A principios de la década del ‘70, un incendio en el Palacio Municipal destruyó los archivos. Sin embargo, con el tiempo la historia del camposanto local fue reconstruyéndose. He aquí siete claves para descubrir secretos y certezas de la ciudad silenciosa.
1
En el sector B reposa la que se cree es la tumba más antigua del cementerio de Pilar: la del matrimonio que componían Rosalía Zárate y Don Hilario Espinosa, fallecidos respectivamente en noviembre de 1857 y octubre de 1860. Como otras, fue declarada monumento histórico municipal, compartiendo sector con una tumba de 1871, perteneciente a Juan Biscayart.
2
Si hablamos de mitos y leyendas, en los cementerios abundan historias de todo tipo. En Pilar, se comenta que en los fondos está enterrada una princesa europea, sepultura que nadie visitó jamás luego de una breve ceremonia íntima, hace ya casi medio siglo. Está casi junto a una pared, y para saber cuál es hay que ir acompañado con alguien que conozca el lugar. Actualmente sólo queda la base de cemento, todo lo demás ha sido despintado: de la supuesta princesa no queda un solo dato.
3
Los techos de las bóvedas albergan ángeles y cruces que se denotan el paso del tiempo, pero no dejan de ser impactantes. La tumba de José Luexes –fallecido en 1910- está decorada por una de las obras más hermosas del cementerio: una escultura de mármol tallada en una sola pieza.
4
Una de las calles fue hecha de ladrillos hace unos 150 años atrás. Divide los sectores F y H, y conduce al osario general. Muy cerca de allí está la sepultura de Luis Lagomarsino, adornada con un busto del ex intendente, fallecido en diciembre1987. En cada aniversario, familiares y amigos de Luiso se reúnen junto al monumento para rendirle homenaje al caudillo. Hablando de intendentes, la austeridad de la bóveda de Pedro Lagrave y su esposa contrasta con la de Tomás Márquez, algo más elegante.
5
La bóveda de Tibor Gordon, uno de los lugares más visitados del cementerio local, y también uno de los más cuidados. Los seguidores de Gordon siguen venerándolo y posan sobre la puerta los tres primeros dedos de la mano derecha, tal como lo hacía el sanador radicado en Manzone.
6
Sobre la puerta lateral se erige una escultura de Cristo, obra invaluable del arquitecto Francisco Salamone, quien hizo historia entre 1936 y 1940 por sus monumentos en toda la provincia. Pero sobre la imagen tallada en piedra se erigía una cruz de dimensiones enormes, que se cree sería obra del mismo Salamone.

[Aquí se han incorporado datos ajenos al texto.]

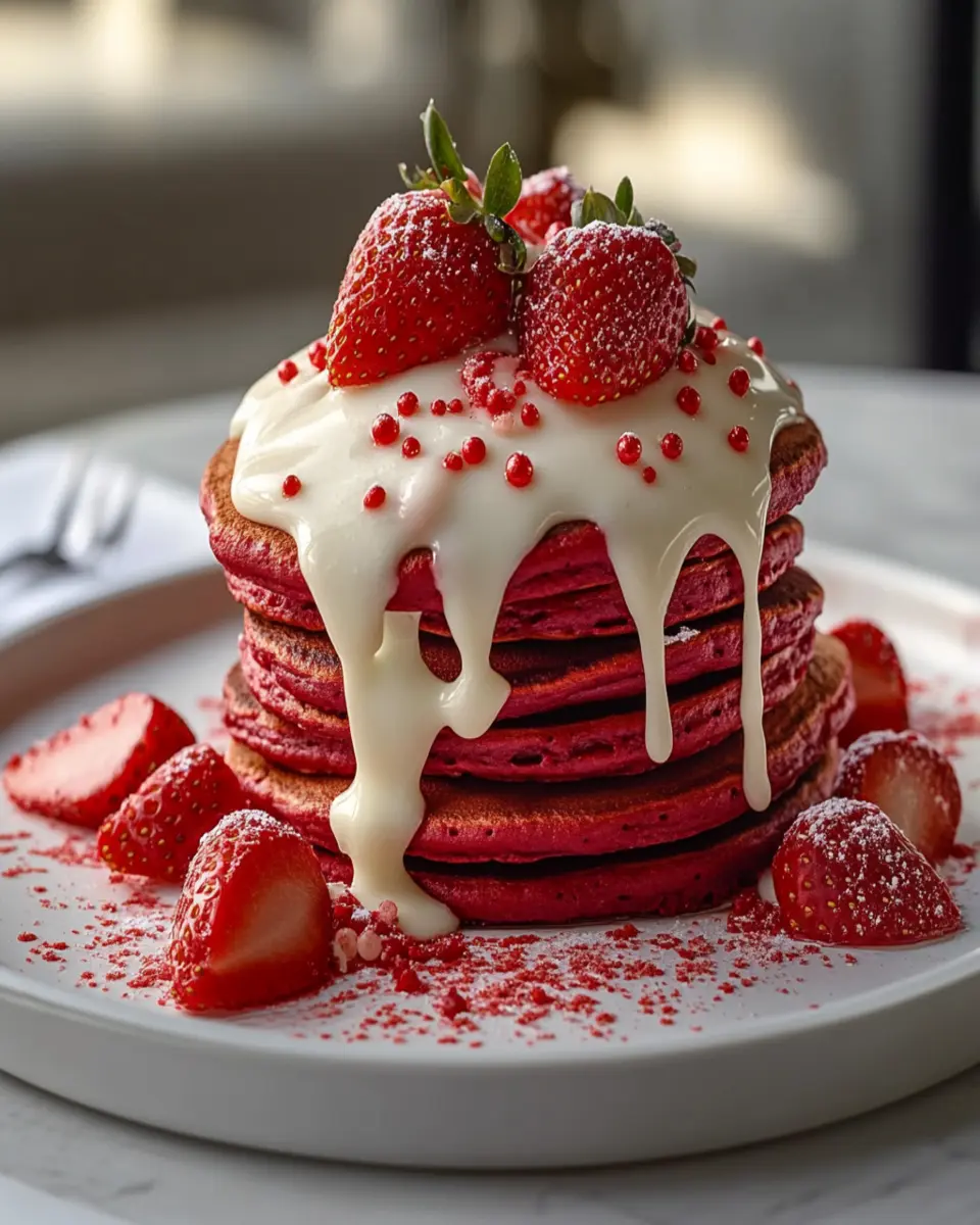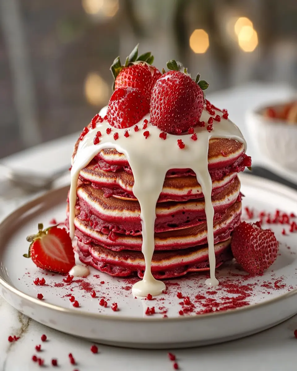 Red velvet pancakes are delicious on their own, but they pair wonderfully with toppings like cream cheese frosting, fresh berries, whipped cream, or a drizzle of maple syrup. These additions enhance the sweetness and create a delightful presentation.

La estructura fue demolida en 1958 por orden del entonces intendente comisionado Leandro Finochietto, por motivos que aún hoy se desconocen.
7
Entrando al sector F se halla la sepultura del militar Cayetano Beliera, sargento mayor de caballería, quien combatió en Monte Grande, Malabrigo, Colastiné, Cepeda y Pavón, además de participar de la campaña del desierto. Murió el 10 de enero de 1895, y su esposa descansa junto a él. El sector D, a su vez, alberga los restos de Josefa Derqui, hija de Santiago, el ex presidente. El sitio es monumento histórico desde 1974.